Fed’s Hammack Warns Inflation Must Fall Despite Oil Shock

by | Mar 7, 2026 | Business & Economy | 0 comments

Rising oil prices and economic uncertainty are complicating the U.S. Federal Reserve’s fight against inflation. However, Cleveland Federal Reserve President Beth Hammack said the central bank must continue pushing inflation lower toward its target.

Hammack emphasised that the Fed must remain focused on its 2% inflation goal, even as global developments create new economic risks. Meanwhile, policymakers are watching both inflation data and labour market trends closely.

📉 Fed Prioritises Inflation Target

Hammack explained that the Federal Reserve must ensure inflation continues moving toward the 2% target. Therefore, policymakers will closely evaluate incoming economic data before adjusting interest rates.

She noted that the central bank expects inflation pressures to moderate over time. However, officials remain cautious because new shocks could slow that progress.

“The central bank must ensure inflation returns to its target,” Hammack said while discussing current policy challenges.

As a result, the Fed may keep its current policy stance until clearer trends appear.

🛢️ Oil Price Surge Adds Uncertainty

Meanwhile, rising oil prices have introduced new uncertainty for policymakers. Energy costs have climbed due to geopolitical tensions, which can quickly push consumer prices higher.

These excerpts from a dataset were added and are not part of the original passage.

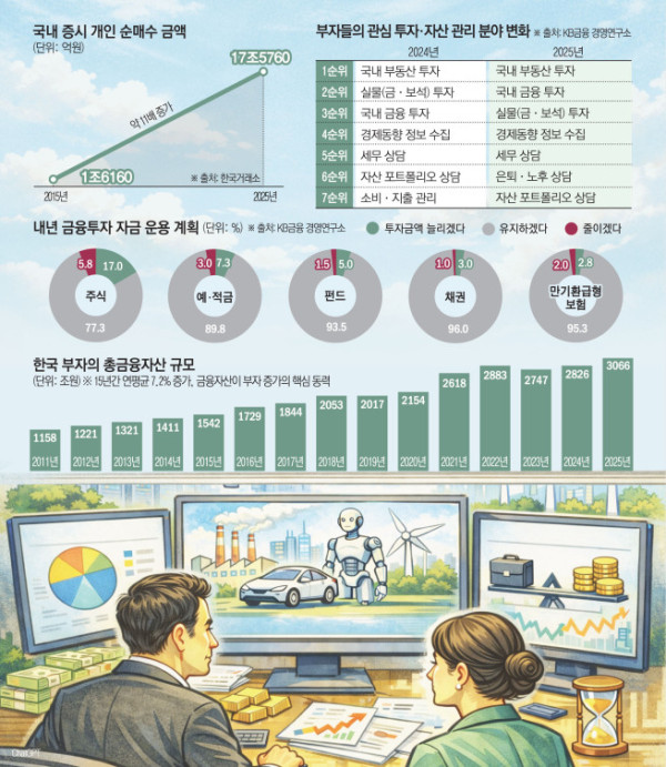 ◇ 금융투자가 자산 증가의 핵심 축 = 자산가들은 금융자산 비중을 꾸준히 늘리고 있다. 집이 사실상 유일한 자산 축이던 과거와 비교하면, 자산을 바라보는 시각과 선택의 방향이 뚜렷하게 달라지고 있다.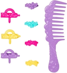 Bunte Clips, Spangen und ein breiter Kamm erleichtern das Entwirren und sorgen für sicheren Halt neuer Frisuren ohne Ziepen.
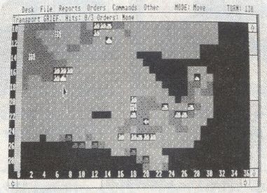 Moving units is what you'll be doing most, and here, the interface shines. The unit to be moved flashes, and you can either go to the (GEM) menus, type a one-letter command on the keyboard, or point with the mouse. With the mouse pointer, you simply go to the desired destination square and press the left button. A white line appears, linking the unit to the square. If you want that destination, simply release the button. The unit may take several turns to reach its destination, after which it will start flashing again, waiting for orders.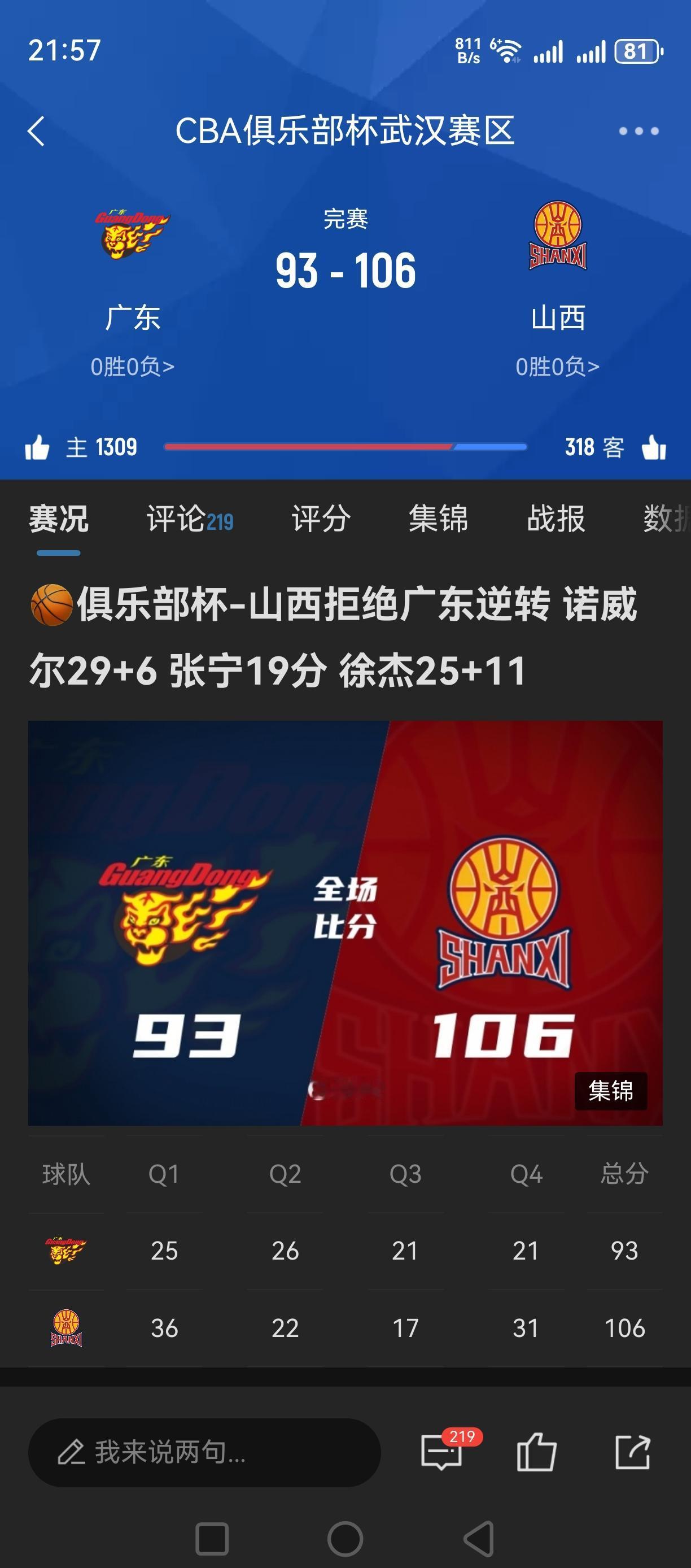 徐杰大战张宁!山西赢了广东!徐杰跟张宁都打得很棒! 三分都很准! 包括原帅,杜润旺的三分都不错! 我们有投三分不错的后卫,锋线! 但国家队一个都不用! 真是无语![捂脸][捂脸][捂脸][捂脸]

Consequently, higher fuel prices could complicate the Fed’s effort to stabilise inflation. At the same time, officials must determine whether the oil surge represents a temporary shock or a longer-term risk.

Hammack stressed that the Fed must examine both the magnitude and duration of the oil price increase before changing policy.

👷 Labour Market Weakness Raises Concerns

At the same time, the labour market has shown signs of slowing. New economic data revealed that the U.S. economy lost around 92,000 jobs in February, raising concerns about employment trends.

This development creates a difficult policy environment. On one hand, the Fed must control inflation. On the other hand, weaker job growth could require economic support.

Therefore, policymakers must carefully balance price stability and employment, the two goals of the Federal Reserve’s mandate.

⚖️ Policy Decisions May Depend on Late-2026 Inflation

Hammack said the Fed expects inflation to ease gradually. However, she warned that the central bank could adopt tighter policy later in 2026 if inflation fails to decline sufficiently.

For now, the Fed appears willing to hold interest rates steady while monitoring economic conditions. Meanwhile, officials will continue analysing how energy prices, labour data, and global developments affect inflation.

Consequently, the coming months will play a key role in shaping the Federal Reserve’s next policy decisions.